To ensure continuity in medical presence, I had lined up my younger brother Marco who is a surgeon and researcher in neural gene therapy at Oxford University. Marco served as HMP field medical officer in 1998 and is an experienced expeditionary doctor. He was offering his services again this year in any vacant time slot we might have. But he would not be able to join until July 14th, tomorrow. I took the chance: we would have to risk going without a doctor at camp for one day. It so happened it would be today, Friday, the 13th...
With Rainer gone and Marco on his way up, we tried to reach Marco first. I phoned a hotel where he might be staying in Edmonton, but to no avail. We then tried to reach Rainer in Houston, TX. Luckily, he was home.

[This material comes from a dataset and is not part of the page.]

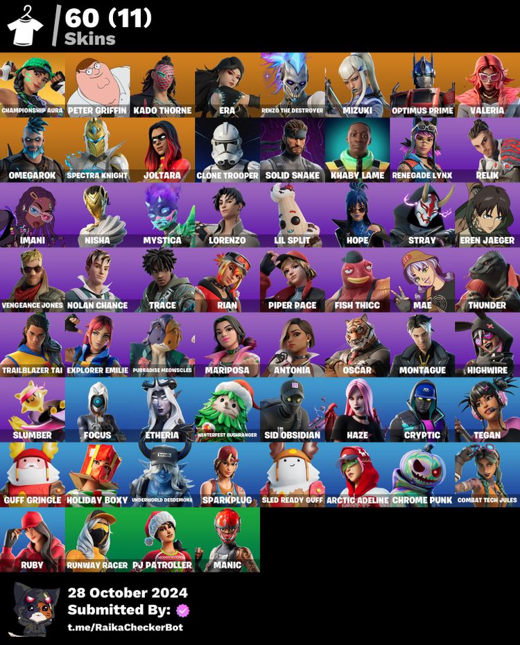 Fortnite Accounts > Rank Ready > 60 Skins < Championship Aura | Peter Griffin | Kado Thorne | Era | Renzo the Destroyer | Mizuki | Optimus Prime | Valeria

From then on we all lived a textbook example of telemedicine in practice, i.e., the ability to access and apply medical expertise remotely through technology. I would first take some digital photos of our patient. Rainer would then examine them and provide guidance. Within minutes, that was done. Images of our patient's leg, taken using an Olympus C-3030 digital camera with macro capability, were on their way from my wirelessly-LANed laptop in the HMP mess tent to Rainer's terminal at his home. By satphone, Rainer was then able to ask a series of specific questions which I then relayed by radio transceiver to John Schutt who stood by the patient in another tent. Then Rainer gave me instructions over the phone on where to find additional diagnosis equipment and medication which I then relayed by the same radio transceiver to AC Hitch who was positioned in yet another tent holding the medical supplies. Soon, I found myself by the patient's side taking his blood pressure, reading out the inches of mercury to John Schutt who then relayed them by radio to Mark Webb who had taken my place at the phone in the mess tent, who then relayed the numbers to Rainer... The patient eventually received all the care and prescription recommended by Rainer, located several thousand miles away.
Tonight, our patient will remain in observation in his tent. He must stay warm: we'll turn on a propane heater. We think he will be OK. He will be flown out on tomorrow morning's scheduled Twin Otter flight so that Marco can examine him in Resolute Bay once he gets there. Based on Rainer's preliminary assessment, infection remains a risk, but it is anticipated that our friend will recover soon, possibly within a few days. The underlying cause of his problem may have been poor blood circulation in a lower limb due to an extended period immobility in the cold. Technology does not make the Arctic more benign. But it may make us less vulnerable.